Protein Could Help Patients With Muscular Conditions Get The Benefits Of Exercise
Researchers may have found a way to help people who can't exercise get the benefits exercise has to offer. Scientists working at the Salk Institute have managed to determine that a protein called ERR gamma, or ERRy, can help deliver those benefits.
That protein is one of 20 that is activated by the PGC1α and PGC1β proteins the researchers found. It's closely related to others that are associated with muscular energy and endurance, according to a release from the Skalk Institute. Through research done on mice, the researchers were able to determine that the ERRy protein helps control the genes that help create the mitochondria that are needed for mitochondrial energy production.
Those mitochondria are essential to the production of blood vessels that bring more oxygen to the muscles and help repair them after endurance exercise, said the release.

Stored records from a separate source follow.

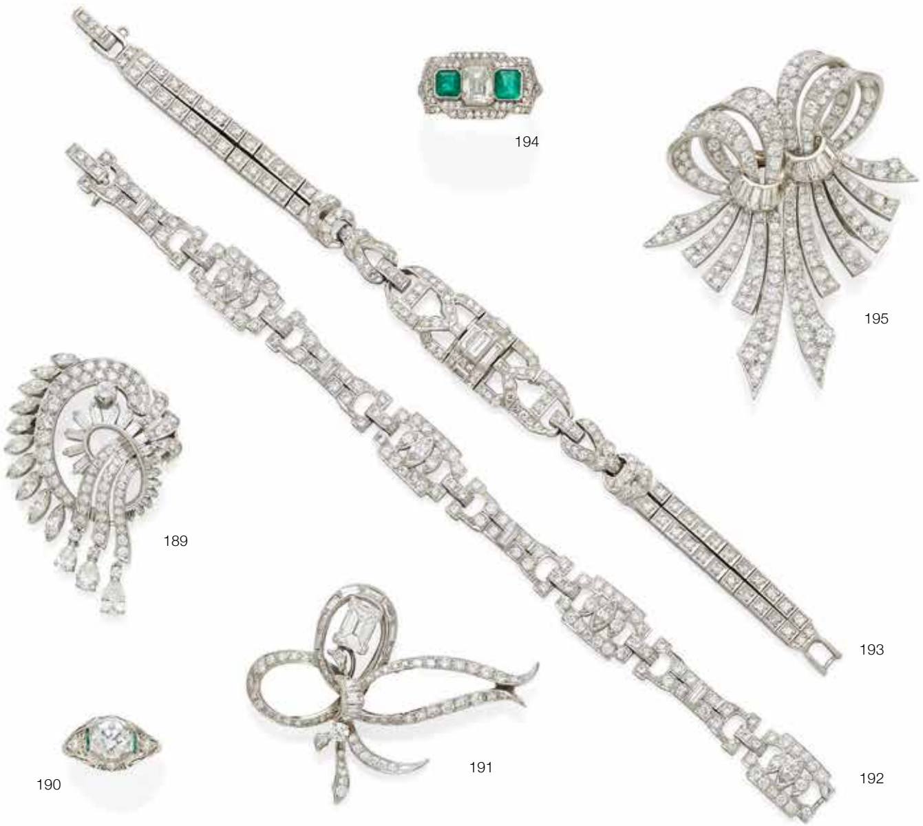
189 A DIAMOND AND PLATINUM BROOCH estimated total diamond weight: 5.75cts; dimension: 1 1/4 x 1 7/8in.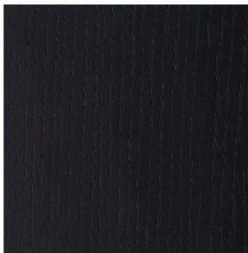
CH.097.005 smooth oak / matt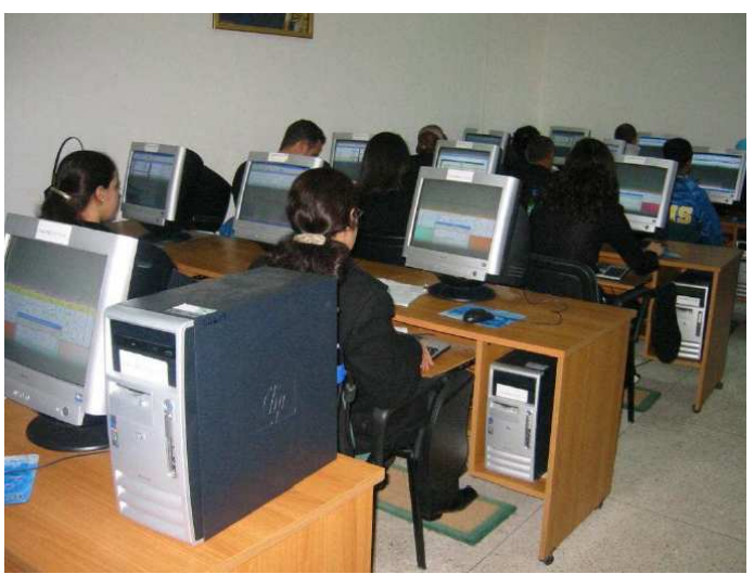
Key correction and coding area

5. Key correction and coding – As indicated only those responses that fell below the ICR engines confidence levels were key corrected by operators.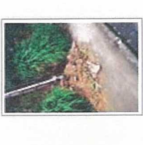
What a SHT WCC fpath Ntghm013.jpg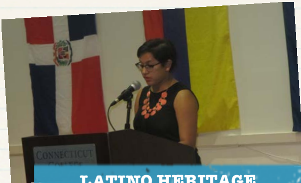
LATINO HERITAGE MONTH CONVOCATION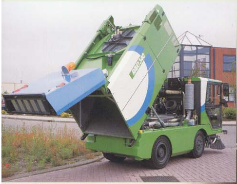
Tipping of the container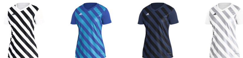
HE2984 12/01/22 HE2988 12/01/22 HE2986 12/01/22 HE2987 12/01/22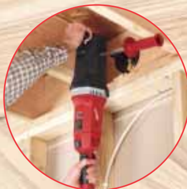
Hole drilling for HVAC venting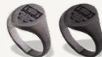
Black Rhodium Plating +£25 or Black Ruthenium Plating +£50 Available on all items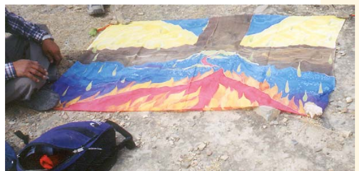
Tibetan Prayer Shawl face down on a barren Tibetan hillside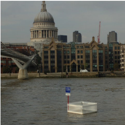
The postcard view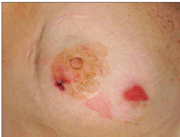
Figure 1. Radiation-induced pemphigus vulgaris with superficial erosion on irradiated right breast.

Subsequently, she developed oral and ocular erosions that were compatible with pemphigus and were believed to be precipitated by trauma secondary to dental work and to the use of contact lenses. These flares were treated and stabilized with short courses of prednisone at higher doses that were successfully tapered to a maintenance dose of 5 mg every other day to control the pemphigus. With that prednisone dosage, her disease has remained clinically stable.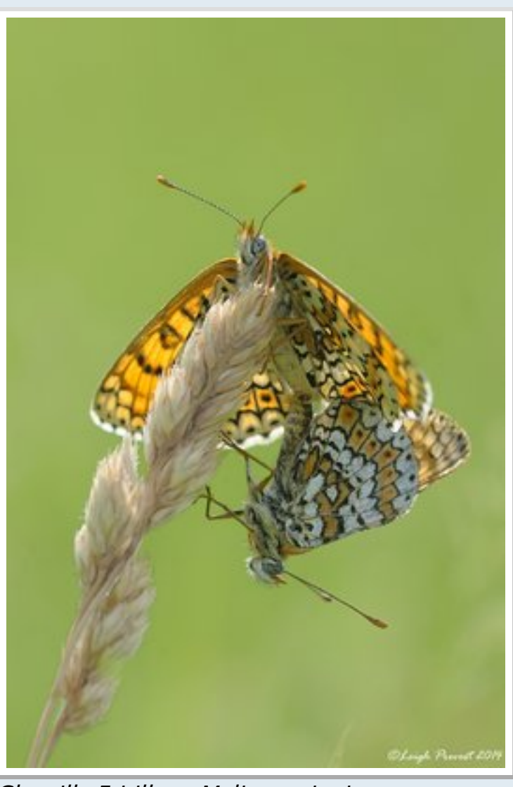
Glanville Fritillary, Melitaea cinxia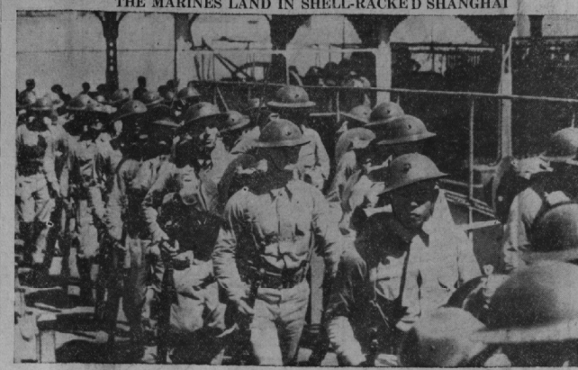
Grin-faced American marines reach Shanghai after being rushed from Manila on the S. S. President Hoover to protect American citizens in the heart of the war. This picture was flown all the way from the Philippines to New York.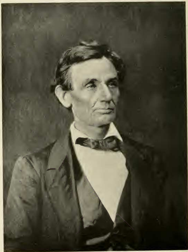
RETOUCHED PRINT FROM NEGATIVE SHOWN IN PLATE 2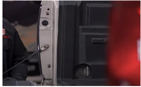
6. Reinstall (2x) phillips screws securing tail light.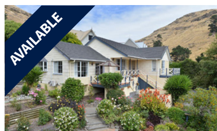
27 Cascade Place, SUMNER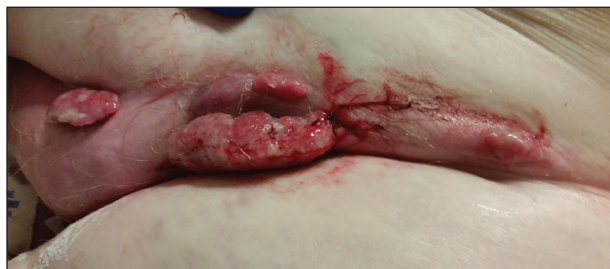
FIGURE 1. Metastatic endometrial carcinoma. Large, friable, exophytic tumors of the lower abdominal panniculus.

Incidence and Pathogenesis —Endometrial carcinoma is the most common gynecologic malignancy in the United States,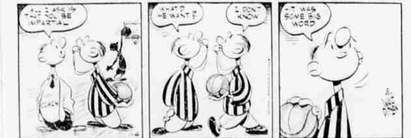
—By Ham Fisher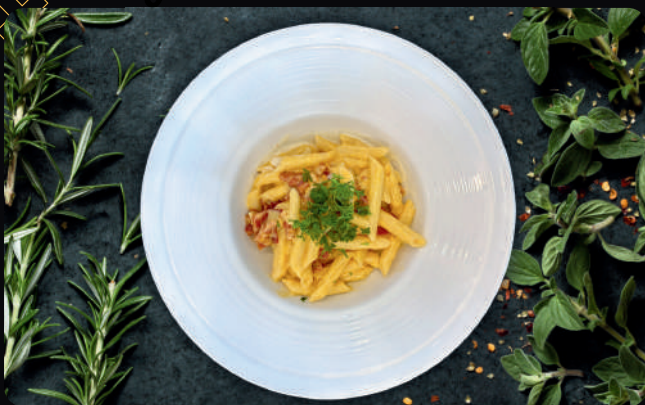
Penne Carbonara 380.-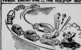
HERE'S NUMBER TWO... THE TRAFFIC SLUG!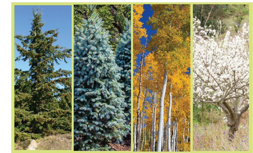
Trees- Douglass Fir, Baby Blue Spruce, Prairie Gold Aspen, American Plum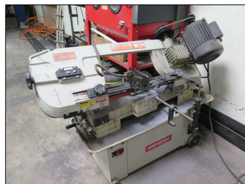
Ganesh Horizontal Band Saw.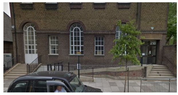
The venue for our monthly meeting – the white door on the left

afterwards. If anyone would like to bring some cake, I'm sure that would go down well.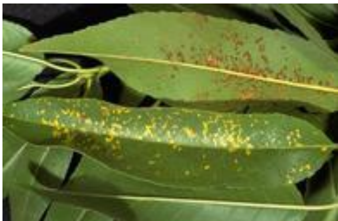
Figure 2. Almond leaf rust.

In orchards with a history of rust, treatments should be applied before symptoms appear: 5 weeks after petal fall and a second application 4 to 5 weeks later to control leaf infections. Monitoring can be done in April through May. Surveys by orchard block where 1% leaf infection occurs are at high risk if conducive environments persist. Two or three applications may be needed in orchards that have had severe rust problems.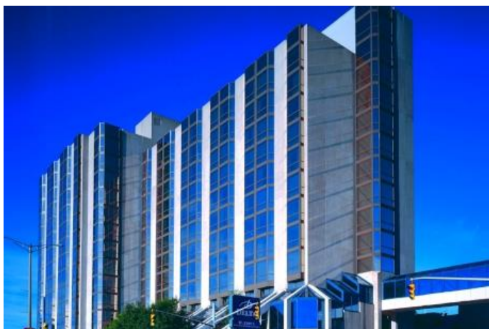
Delta St. John's Hotel

Optional pre-trip hotel on June 22, 2022: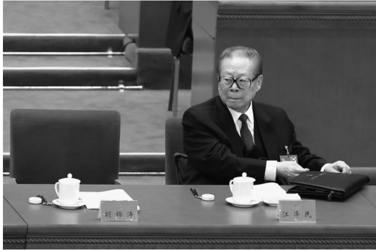
Former Chinese leader Jiang Zemin attends the 18th Communist Party Congress in Beijing on Nov. 14, 2012.

Spiritual practices such as Falun Gong, which besides its moral teachings incorporates gentle exercises and meditation, benefit the country and the people. Even the CCP's own constitution and laws don't prohibit one from practicing Falun Gong.

Researchers also found that the presence of the proteins increase the exercise performance of the mice they examined the proteins in and helped remove toxins.

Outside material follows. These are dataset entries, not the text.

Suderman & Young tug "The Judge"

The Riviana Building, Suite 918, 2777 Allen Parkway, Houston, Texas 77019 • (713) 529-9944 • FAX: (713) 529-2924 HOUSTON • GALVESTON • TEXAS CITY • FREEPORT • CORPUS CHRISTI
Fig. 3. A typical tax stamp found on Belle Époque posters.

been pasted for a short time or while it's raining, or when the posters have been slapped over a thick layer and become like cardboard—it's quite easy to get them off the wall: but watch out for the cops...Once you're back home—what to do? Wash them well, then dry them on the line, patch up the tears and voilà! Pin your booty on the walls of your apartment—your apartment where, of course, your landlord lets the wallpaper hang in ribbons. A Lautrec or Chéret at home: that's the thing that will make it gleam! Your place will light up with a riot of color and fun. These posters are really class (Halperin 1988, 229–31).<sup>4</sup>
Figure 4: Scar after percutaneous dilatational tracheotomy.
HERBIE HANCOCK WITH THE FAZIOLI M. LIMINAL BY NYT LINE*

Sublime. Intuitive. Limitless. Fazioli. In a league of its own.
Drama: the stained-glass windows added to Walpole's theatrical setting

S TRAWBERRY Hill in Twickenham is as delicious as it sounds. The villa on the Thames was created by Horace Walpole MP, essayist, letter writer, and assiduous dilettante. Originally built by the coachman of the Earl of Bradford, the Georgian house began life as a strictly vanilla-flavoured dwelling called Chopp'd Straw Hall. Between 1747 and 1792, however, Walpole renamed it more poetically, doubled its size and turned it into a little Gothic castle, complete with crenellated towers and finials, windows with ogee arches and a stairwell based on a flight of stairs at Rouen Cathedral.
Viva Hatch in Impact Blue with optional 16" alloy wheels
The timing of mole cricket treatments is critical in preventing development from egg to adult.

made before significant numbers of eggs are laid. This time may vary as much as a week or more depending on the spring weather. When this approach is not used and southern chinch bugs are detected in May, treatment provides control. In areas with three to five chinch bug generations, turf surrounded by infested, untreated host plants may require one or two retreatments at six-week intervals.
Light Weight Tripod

"We now know that, by increasing mitochondria energy output, ERRγ can actually rescue damaged muscle. If we can identify small molecules that specifically target ERRγ, we hope to help people with muscular dystrophy and other skeletal muscle conditions,” said Ronald Evans, director of the Gene Expression Laboratory where the research was done, in the release from Salk.
If that molecule could be isolated and put into pill form, it could change the lives of people with muscular conditions. Researchers have been working on a compound called 516 that could do that just, The Washington Post reported.
The paper associated with the research was published Tuesday in the journal Cell Reports.